• Patrick Dawkins

Beekeepers' Logistical Nightmare

For beekeepers flooding damage can range from apiaries disappearing in a flash, to silt-laden hives, or washouts and landslides causing land access issues, but what if road closure wasn’t temporary and what if it cut you off from 90 percent of your hives? That is the situation facing Marlborough Sounds beekeepers Robert and Sabine Harper at Sherrington Honey who are living a “logistical nightmare” and having to spend thousands of dollars a week on barge access just to reach their hives, get in supplies and transport honey for sale.

There’s no doubt about it, the place the Harpers call home would be the envy of most people, however the usually tranquil lifestyle of the Marlborough Sounds has been replaced with an ongoing battle to access more than 1500 of Sherrington Honey’s 1700 hives since the region received once-in-a-century flooding on July 24-25.

Robert Harper in more stress-free times. The owner of Sherrington Honey has lost road access to the vast majority of his 1700 Marlborough Sounds beehives.

Rob Harper has called the Ohinetaha Bay in the Mahau Sound home for 40 years and says it was the worst rain event he has seen.

“One of the old residents down here recorded 431mm on Friday and Saturday combined and then another 32mm on the Sunday,” Harper says.

Road access linking the Sherrington Honey base to the outer Marlborough Sounds to the north and east and also the nearest towns to the south and west was cut off following the downpours and resulting slips. While access has been partially restored to the mainland of the South Island and the towns of Linkwater, Havelock, Picton and Blenheim, the wonderfully scenic yet windy and slip-prone Kenepuru Road remains closed indefinitely. A landslide and massive rock block the road four kilometres further down the Sounds, at Te Mahia Bay. Beyond that, at least 1500 Sherrington Honey hives are situated over the usual two hour drive to the end of the Sounds and require the usual spring management to prevent starvation and maintain hive health.

The landslip and rock which blocks road access to almost all of Sherrington Honey’s hives.

“Our operation is effectively cut in half with this road closure with the beehives on one side and our equipment on the other side,” Harper says.

A Mayoral relief fund is partially funding barge transport for residents of the Kenepuru Road, of which there are several hundred. Sherrington Honey are using the barge to transport their work trucks past “the rock”, as they have dubbed the landslip, and also to get supplies in and out on their heavy vehicle. This is coming at not only significant cost to the business – at $180 per vehicle each way, and $160 per water taxi for staff – but also significant stress due to the logistical challenges and uncertainty of when the road might reopen.

“We take as much gear across as we can, but when we need to refill, such as sugar syrup and trailers, we have to bring everything back here to our base on the barge. It’s a logistical nightmare and an ongoing cost,” Harper says.

It is not just getting to hives that is proving a challenge either, but also getting in supplies like the two or three tonnes of sugar required each week in spring, and then also taking a truck load of honey to town. Those sorts of missions usually require barging of their heavy truck to Havelock as well as Harper walking, biking, hitchhiking or phoning for a ride to get between home and the truck parked-up at the marina between water crossings.

It's been a case of "on ya bike" to reach one Sherrington Honey apiary this spring.

Sherrington Honey has three staff members, along with the husband and wife owners. To get to one site their head beekeeper was given a backpack of varroa treatments and a bicycle which they set off on to get the job done.

With queen rearing season just around the corner the logistical challenges will intensify as they try to find enough accessible cell-raiser hives and then come up with a plan to transport incubated queen cells.

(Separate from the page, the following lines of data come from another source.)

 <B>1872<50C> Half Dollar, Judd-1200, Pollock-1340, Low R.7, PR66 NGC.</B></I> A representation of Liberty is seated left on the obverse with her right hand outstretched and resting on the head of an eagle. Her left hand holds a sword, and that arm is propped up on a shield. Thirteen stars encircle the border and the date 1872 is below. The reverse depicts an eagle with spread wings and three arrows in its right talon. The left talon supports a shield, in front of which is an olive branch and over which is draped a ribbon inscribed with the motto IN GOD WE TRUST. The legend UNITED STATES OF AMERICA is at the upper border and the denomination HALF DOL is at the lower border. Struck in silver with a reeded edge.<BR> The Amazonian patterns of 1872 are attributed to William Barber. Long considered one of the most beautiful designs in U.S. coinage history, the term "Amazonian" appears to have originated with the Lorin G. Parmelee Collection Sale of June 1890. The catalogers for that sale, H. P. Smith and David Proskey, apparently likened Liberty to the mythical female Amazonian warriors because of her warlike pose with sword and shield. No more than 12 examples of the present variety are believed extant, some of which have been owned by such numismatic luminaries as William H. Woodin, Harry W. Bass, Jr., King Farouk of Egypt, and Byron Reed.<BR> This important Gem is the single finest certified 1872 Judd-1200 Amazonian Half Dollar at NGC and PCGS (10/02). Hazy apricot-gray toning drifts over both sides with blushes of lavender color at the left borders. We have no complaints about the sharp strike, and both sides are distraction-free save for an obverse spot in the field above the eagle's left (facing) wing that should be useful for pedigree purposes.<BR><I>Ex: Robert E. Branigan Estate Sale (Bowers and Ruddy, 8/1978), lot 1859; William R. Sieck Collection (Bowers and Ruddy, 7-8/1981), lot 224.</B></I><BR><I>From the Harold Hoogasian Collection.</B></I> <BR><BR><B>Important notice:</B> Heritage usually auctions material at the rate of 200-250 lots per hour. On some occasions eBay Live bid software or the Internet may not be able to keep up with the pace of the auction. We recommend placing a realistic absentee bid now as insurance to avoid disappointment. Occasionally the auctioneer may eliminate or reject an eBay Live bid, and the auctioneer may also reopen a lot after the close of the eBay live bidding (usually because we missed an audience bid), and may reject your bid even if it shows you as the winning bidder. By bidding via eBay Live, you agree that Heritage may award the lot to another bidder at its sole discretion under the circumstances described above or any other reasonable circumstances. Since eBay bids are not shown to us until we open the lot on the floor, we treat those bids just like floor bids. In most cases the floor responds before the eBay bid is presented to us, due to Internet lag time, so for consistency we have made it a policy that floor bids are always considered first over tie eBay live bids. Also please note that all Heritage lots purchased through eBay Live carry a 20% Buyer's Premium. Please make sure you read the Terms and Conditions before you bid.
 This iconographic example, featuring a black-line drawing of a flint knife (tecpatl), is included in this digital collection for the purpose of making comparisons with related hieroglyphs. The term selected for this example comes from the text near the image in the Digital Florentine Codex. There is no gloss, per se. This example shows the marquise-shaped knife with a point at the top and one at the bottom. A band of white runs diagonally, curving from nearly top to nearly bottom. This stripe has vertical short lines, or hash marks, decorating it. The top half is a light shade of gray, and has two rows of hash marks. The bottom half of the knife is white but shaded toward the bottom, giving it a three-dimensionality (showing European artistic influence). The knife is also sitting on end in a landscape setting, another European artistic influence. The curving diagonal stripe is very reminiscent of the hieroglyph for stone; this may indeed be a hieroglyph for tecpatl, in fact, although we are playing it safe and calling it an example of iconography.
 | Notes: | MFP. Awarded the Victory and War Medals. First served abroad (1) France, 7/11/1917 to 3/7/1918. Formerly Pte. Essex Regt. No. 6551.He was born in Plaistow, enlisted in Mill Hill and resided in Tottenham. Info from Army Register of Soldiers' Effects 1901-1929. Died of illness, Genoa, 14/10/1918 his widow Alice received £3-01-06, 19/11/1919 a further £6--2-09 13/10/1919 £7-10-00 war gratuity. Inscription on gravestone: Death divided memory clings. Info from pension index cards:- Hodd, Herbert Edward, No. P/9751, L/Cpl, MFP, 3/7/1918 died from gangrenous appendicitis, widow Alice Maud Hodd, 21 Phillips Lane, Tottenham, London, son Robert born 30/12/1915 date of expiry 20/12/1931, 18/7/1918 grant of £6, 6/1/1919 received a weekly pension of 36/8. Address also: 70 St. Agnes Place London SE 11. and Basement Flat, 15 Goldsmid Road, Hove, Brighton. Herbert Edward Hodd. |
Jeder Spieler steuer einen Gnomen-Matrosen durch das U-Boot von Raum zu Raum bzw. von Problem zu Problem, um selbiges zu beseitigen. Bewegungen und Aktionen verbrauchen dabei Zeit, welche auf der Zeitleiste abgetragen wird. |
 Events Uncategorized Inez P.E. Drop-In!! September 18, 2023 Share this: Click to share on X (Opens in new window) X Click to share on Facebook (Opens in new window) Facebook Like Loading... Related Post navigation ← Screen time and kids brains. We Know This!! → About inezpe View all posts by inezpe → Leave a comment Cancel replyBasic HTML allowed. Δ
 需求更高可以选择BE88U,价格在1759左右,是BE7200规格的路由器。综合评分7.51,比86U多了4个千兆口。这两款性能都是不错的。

Although they have applied for some flood relief funding, they have yet to receive any monies and are unaware of any significant support packages. While financial relief is not in sight, neither is a practical solution to fixing the Kenepuru Road with Marlborough Roads stating they cannot provide an estimate of when it might be open and that residents are “facing a long period of disrupted access”.

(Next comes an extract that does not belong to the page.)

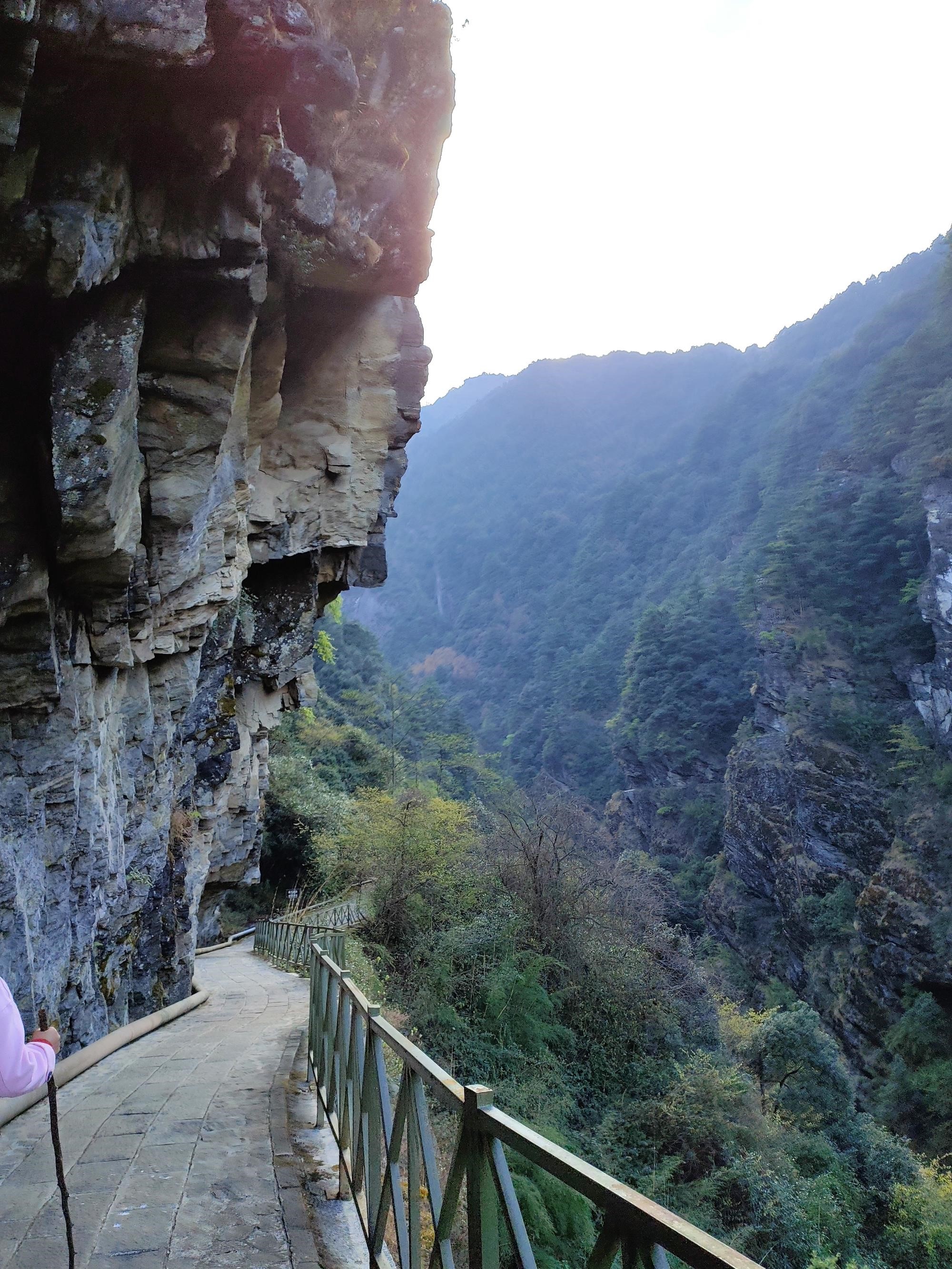 过了七龙女池,走过一段相对平凡,也不乏充满情趣的路,也是云游玉带路最为惊险壮丽一段路程。
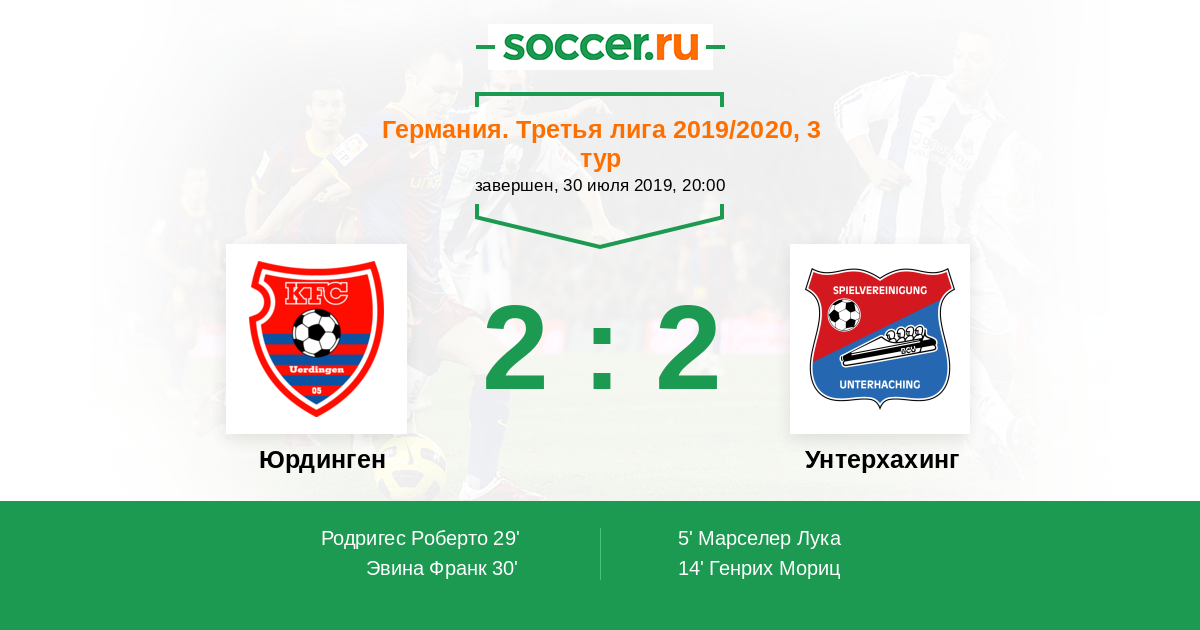 Протокол матча Юрдинген против Унтерхахинг

“You can’t plan ahead because you don’t know how long this is going for. We might do things completely differently if we know we are going to be still dealing with this in six months’ time. We’ve heard everything from three months out to two years and nobody seems to know,” Harper says.

The isolation, disruptions and hardship the road closure is putting on people is starting to take its toll and the Harpers say, while their local councillor has been helpful, they feel like council staff are simply not listening.

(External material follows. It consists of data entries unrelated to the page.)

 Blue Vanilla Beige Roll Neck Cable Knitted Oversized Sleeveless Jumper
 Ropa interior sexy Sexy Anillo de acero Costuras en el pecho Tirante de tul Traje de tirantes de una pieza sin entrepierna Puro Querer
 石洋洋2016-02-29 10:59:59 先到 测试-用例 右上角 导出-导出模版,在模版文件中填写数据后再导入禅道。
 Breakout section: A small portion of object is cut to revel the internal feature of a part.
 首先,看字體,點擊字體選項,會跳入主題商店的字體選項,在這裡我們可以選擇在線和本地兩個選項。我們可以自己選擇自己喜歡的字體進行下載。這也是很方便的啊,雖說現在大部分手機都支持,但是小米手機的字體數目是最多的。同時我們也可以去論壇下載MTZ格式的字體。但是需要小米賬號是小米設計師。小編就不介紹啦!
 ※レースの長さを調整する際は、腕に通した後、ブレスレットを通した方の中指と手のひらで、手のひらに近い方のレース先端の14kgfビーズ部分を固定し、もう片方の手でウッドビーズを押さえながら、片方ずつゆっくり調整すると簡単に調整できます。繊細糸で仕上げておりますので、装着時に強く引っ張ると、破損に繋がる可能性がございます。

“The big thing is just the lack of information. We still don’t have anything coming out of Marlborough Roads as to when they will start work. Or when it will be opened at least to one lane. Out here we feel really let down by Marlborough Roads and nobody is giving us any indication.”

While the challenges will keep coming as the weather warms and the bees become more active, a fortuitously-timed purchase of a side-by-side all-terrain vehicle has provided some comfort to Harper.

“It has already paid for itself,” he says, adding “a barge is next on the wish list".